### DATA EXTRACT:
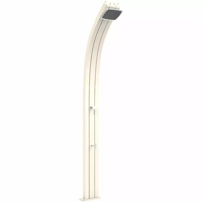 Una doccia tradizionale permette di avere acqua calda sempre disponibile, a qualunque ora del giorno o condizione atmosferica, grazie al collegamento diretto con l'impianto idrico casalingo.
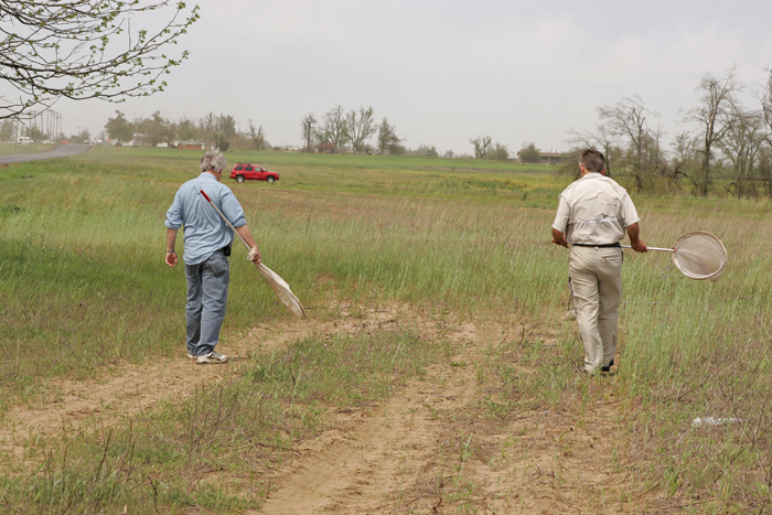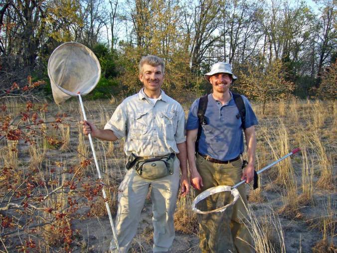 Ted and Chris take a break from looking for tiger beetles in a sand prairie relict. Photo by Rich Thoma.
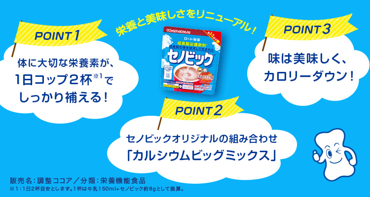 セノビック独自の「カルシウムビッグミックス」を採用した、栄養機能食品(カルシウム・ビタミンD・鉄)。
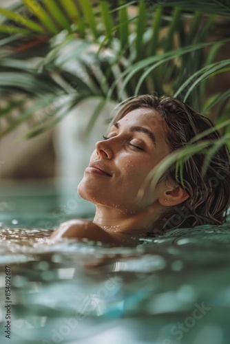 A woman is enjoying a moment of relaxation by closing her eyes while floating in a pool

### REQUIRED WORK:
Could you repeat the data exactly, omitting its pictures?

### RESPONSE BELOW:
 Una doccia tradizionale permette di avere acqua calda sempre disponibile, a qualunque ora del giorno o condizione atmosferica, grazie al collegamento diretto con l'impianto idrico casalingo.
 Ted and Chris take a break from looking for tiger beetles in a sand prairie relict. Photo by Rich Thoma.
 セノビック独自の「カルシウムビッグミックス」を採用した、栄養機能食品(カルシウム・ビタミンD・鉄)。
 A woman is enjoying a moment of relaxation by closing her eyes while floating in a pool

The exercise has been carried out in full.